Word for word, copy the lines beginning at the one with "為慶祝新中國成立70周年,寧" and ending at the last line below; pictures stay out.

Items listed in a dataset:
=== Section Start ===

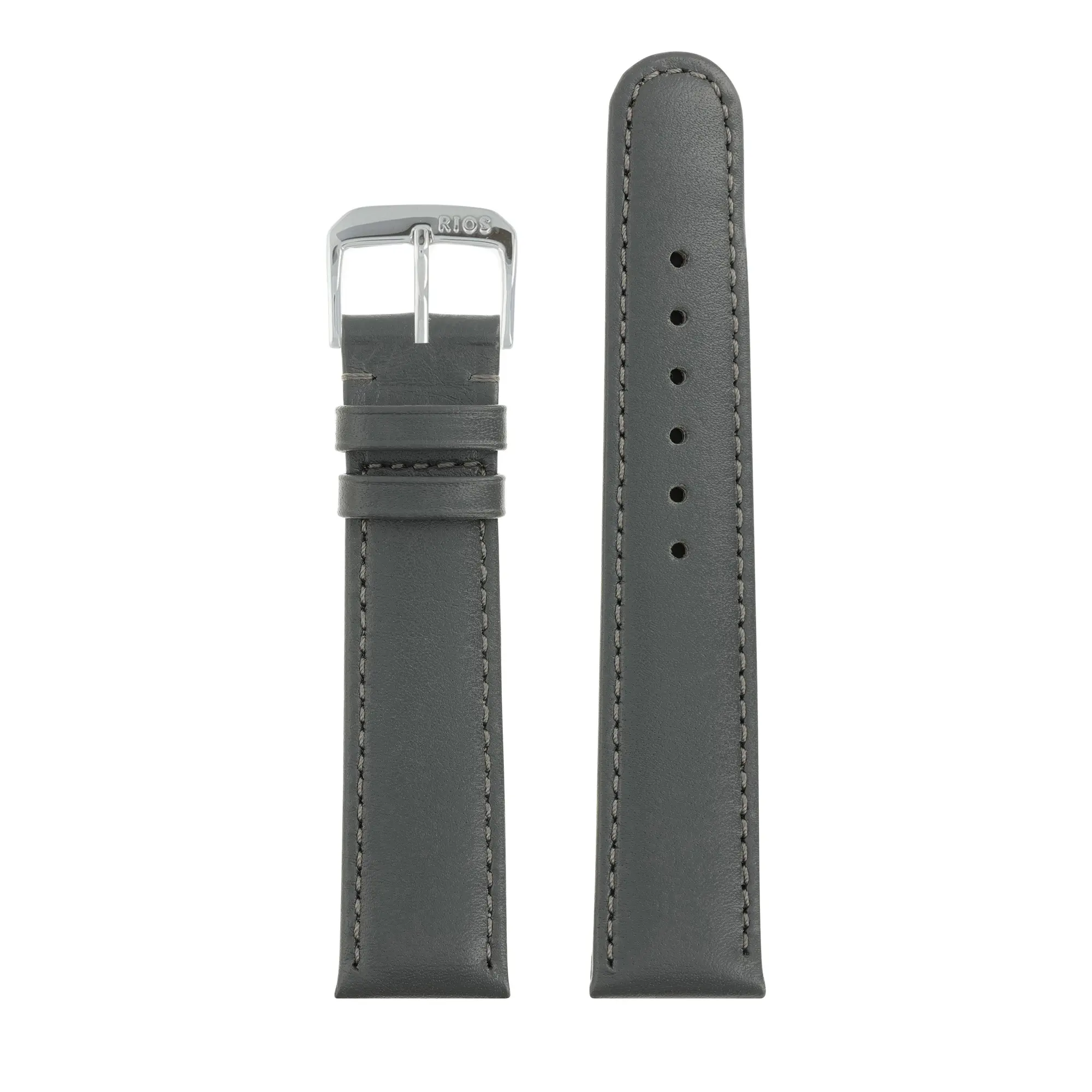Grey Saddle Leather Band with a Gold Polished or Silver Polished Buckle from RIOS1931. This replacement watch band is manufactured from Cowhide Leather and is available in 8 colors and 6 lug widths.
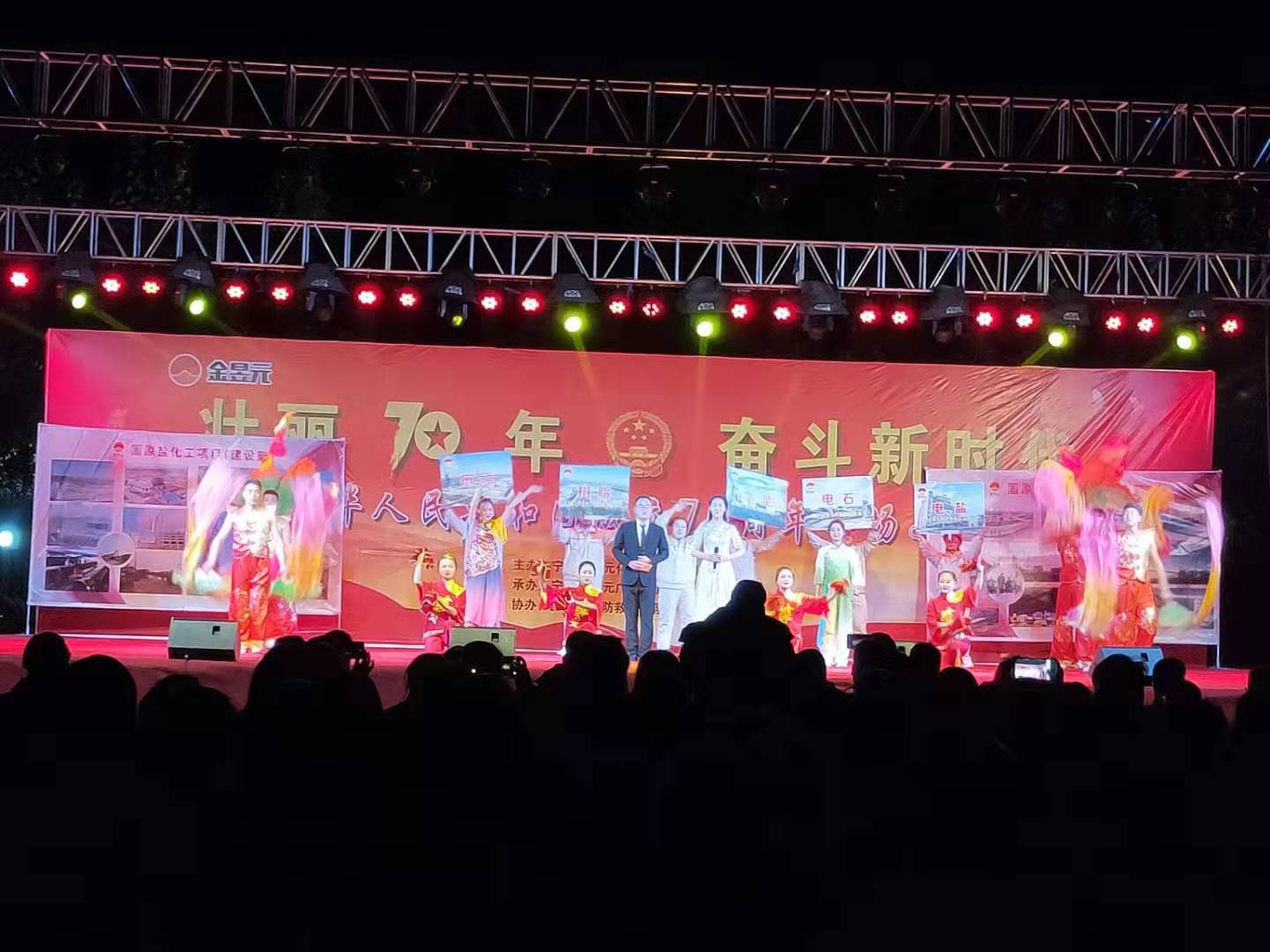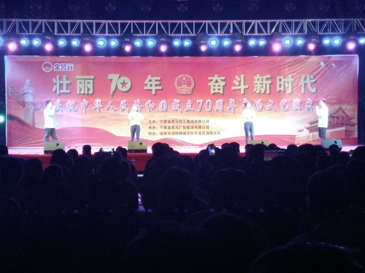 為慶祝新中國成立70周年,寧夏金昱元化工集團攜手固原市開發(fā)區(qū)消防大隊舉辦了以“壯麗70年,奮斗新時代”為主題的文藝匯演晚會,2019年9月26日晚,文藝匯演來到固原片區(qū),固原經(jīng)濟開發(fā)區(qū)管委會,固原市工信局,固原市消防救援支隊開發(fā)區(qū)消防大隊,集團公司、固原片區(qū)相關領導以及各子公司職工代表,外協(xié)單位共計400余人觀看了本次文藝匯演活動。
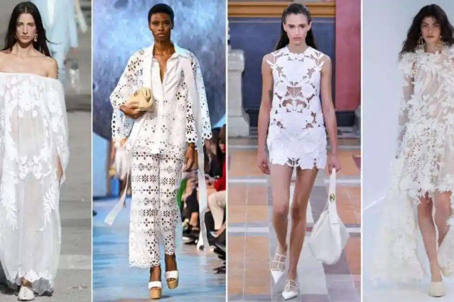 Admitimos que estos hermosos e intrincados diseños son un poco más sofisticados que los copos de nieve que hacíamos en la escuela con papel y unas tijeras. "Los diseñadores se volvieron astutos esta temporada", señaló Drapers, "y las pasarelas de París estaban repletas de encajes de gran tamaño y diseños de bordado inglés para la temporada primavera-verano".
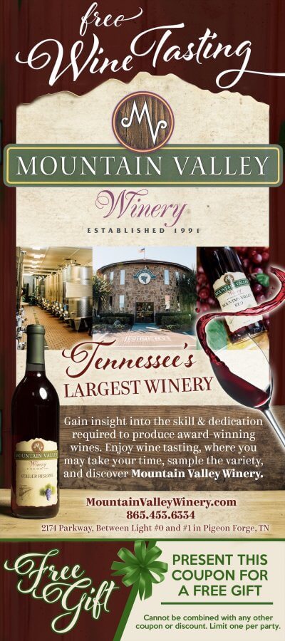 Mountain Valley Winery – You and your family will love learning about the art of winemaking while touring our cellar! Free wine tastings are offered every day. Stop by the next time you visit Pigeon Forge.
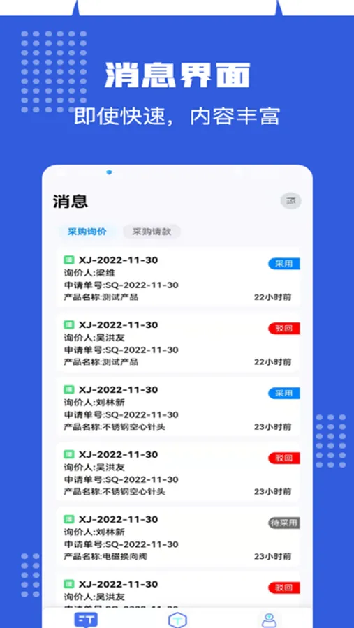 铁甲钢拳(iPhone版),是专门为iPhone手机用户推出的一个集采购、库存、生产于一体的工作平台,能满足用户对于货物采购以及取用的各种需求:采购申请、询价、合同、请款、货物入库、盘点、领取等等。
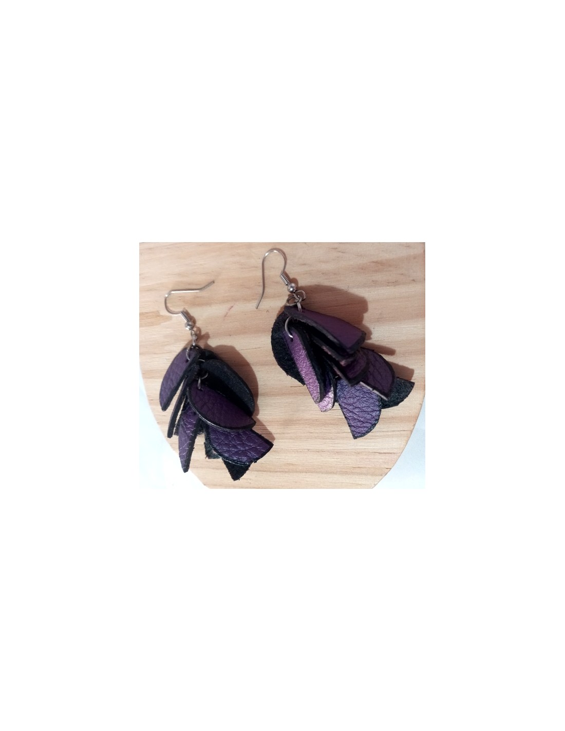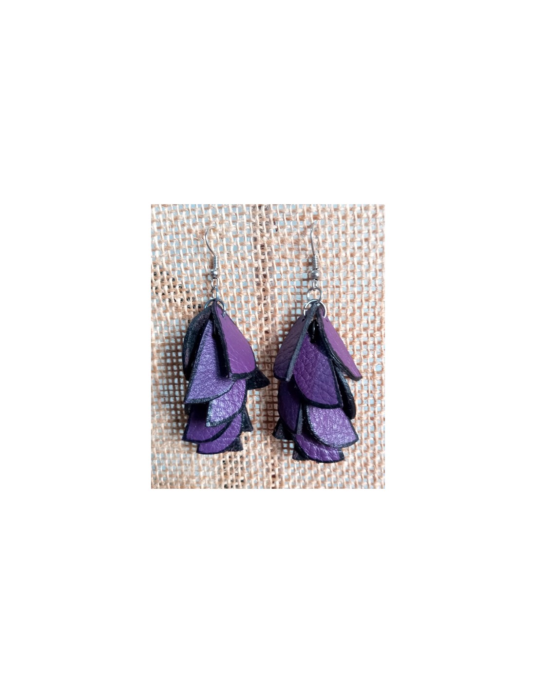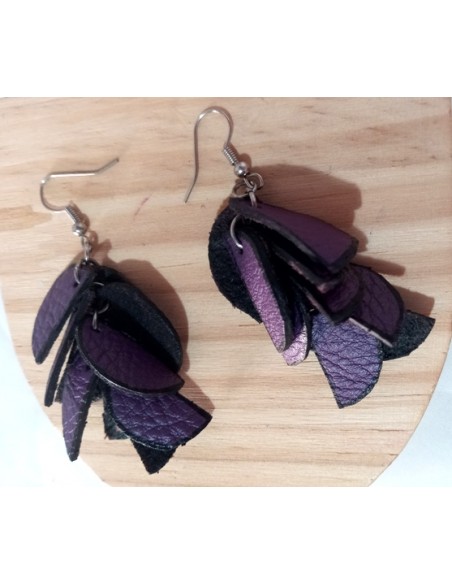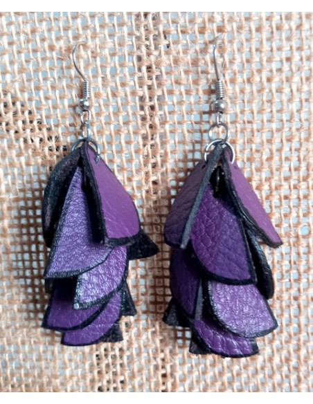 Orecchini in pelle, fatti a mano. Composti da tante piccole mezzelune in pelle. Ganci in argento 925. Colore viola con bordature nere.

=== Section End ===

• **Solution for this problem**
 為慶祝新中國成立70周年,寧夏金昱元化工集團攜手固原市開發(fā)區(qū)消防大隊舉辦了以“壯麗70年,奮斗新時代”為主題的文藝匯演晚會,2019年9月26日晚,文藝匯演來到固原片區(qū),固原經(jīng)濟開發(fā)區(qū)管委會,固原市工信局,固原市消防救援支隊開發(fā)區(qū)消防大隊,集團公司、固原片區(qū)相關領導以及各子公司職工代表,外協(xié)單位共計400余人觀看了本次文藝匯演活動。
 Admitimos que estos hermosos e intrincados diseños son un poco más sofisticados que los copos de nieve que hacíamos en la escuela con papel y unas tijeras. "Los diseñadores se volvieron astutos esta temporada", señaló Drapers, "y las pasarelas de París estaban repletas de encajes de gran tamaño y diseños de bordado inglés para la temporada primavera-verano".
 Mountain Valley Winery – You and your family will love learning about the art of winemaking while touring our cellar! Free wine tastings are offered every day. Stop by the next time you visit Pigeon Forge.
 铁甲钢拳(iPhone版),是专门为iPhone手机用户推出的一个集采购、库存、生产于一体的工作平台,能满足用户对于货物采购以及取用的各种需求:采购申请、询价、合同、请款、货物入库、盘点、领取等等。
 Orecchini in pelle, fatti a mano. Composti da tante piccole mezzelune in pelle. Ganci in argento 925. Colore viola con bordature nere.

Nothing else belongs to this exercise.